For CIOs who already budget lean, here are four more places to save. You can stop some projects, reduce service levels, increase levels of risk and, yeah, move to the cloud.

ORLANDO, Fla. -- Peter Whatnell, CIO of Sunoco Inc., prepared three budgets for next year. The first scenario lays out what IT would have proposed had the financial crash not occurred. The second is the plan if his budget stays flat. And the third? What a 20% reduction in budget would look like.

"In each case, we have said, 'This is what we deliver, this is what you would get for it, this is the consequence for stopping or reducing, and this is how much money you would save.' So, we're trying to be anticipatory with that," Whatnell said, in an interview with at the SIMposium 08 conference in Orlando this week.

Is a contingency budget necessary, particularly at a company whose third-quarter profits more than doubled, blowing away Wall Street forecasts? Well, the Philadelphia-based oil and gas refiner has felt the pinch of the global economic crisis: Year-to-date earnings of $572 million significantly lag last year's $900 million in profit. And the company recently said it hopes to save $375 million by scrapping an upgrade to its Tulsa, Okla., refinery.

Companies like Sunoco are looking for quick solutions, Whatnell said. In budget discussions with business peers during this economic crisis, CIOs will need to do their part in reducing costs. At well-managed IT departments, that usually leaves three options: stop doing some projects, reduce service levels and increase risk levels. At Sunoco, Whatnell is scrutinizing everything from the levels of service in the data center to the use of Google for email.

The larger challenge for CIOs in these discussions with business peers is spending at least as much time talking about "how IT can help the company in its other areas of operations to create benefits far greater than what they would get than by cutting the IT department by 10%," Whatnell said.

In addition to his duties at Sunoco, Whatnell is the incoming president of the Society for Information Management (SIM), a 3,600-member association for CIOs and host of the annual SIMposium. While the theme of this year's sessions was innovation, the economy was the elephant on the agenda of many of the nearly 700 IT executives in attendance.

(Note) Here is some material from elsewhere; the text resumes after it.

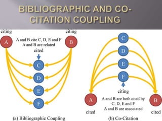 The document discusses citation analysis and its importance in measuring the quality and impact of research. Citation analysis evaluates the citations received by research papers, scientists, universities, and countries as a measure of scientific influence and productivity. Citations serve several purposes, such as acknowledging prior work, substantiating claims, and showing consideration of different opinions. Co-citation coupling and bibliographic coupling are methods to establish relationships between scholarly works based on their citations. Common citation metrics include the h-index and impact factor, which provide ways to quantify the impact of research, though they also have limitations. Overall, citation analysis through various metrics is an objective way to determine how influential and important a piece of research has been to the scientific community.
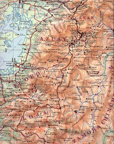 | Southern Ecuador has a rich pottery heritage, especially in the Andean regions of Cañar, Azuay, and Loja. Click on the map above to see a detail of the region which includes Jatumpamba and San Juan Bosco (Olleros), the two pottery villages featured here. |

"It is almost like a perfect storm," said Whatnell, who has seen fiscal crises come and go in his long career in IT. He's also negotiated plenty of tough budget cycles during his seven years at Sunoco and, before that, 17-year career at Texaco Inc.

"I think the difference this time is, you have huge change and pressures in the IT function itself, whether it be technical changes, whether it be business model changes that Nick Carr was talking about, or whether it be pressures in terms of sourcing, which has always been with us," he said, referring to keynote speaker Carr's treatise on the industrialization of IT, The Big Switch.

"But at the same time, you've got these huge economic pressures, which for the first time in my real memory, are moving into an international problem rather than just a national problem," he said. For large companies, the country-by-country arbitrage they can leverage when a fiscal downturn is localized obviously disappears when the crisis is global.

IT should be looking for ways to help the business thrive, he said, but, "I don't think you can have that conversation about what you can do for the business if you haven't been able to show that you have been willing to look at your own operations and be open-minded about alternate delivery models and show reduced costs. Because, without that, you just come across as overly defensive -- that there is nothing wrong with you; it's everybody's else's problem."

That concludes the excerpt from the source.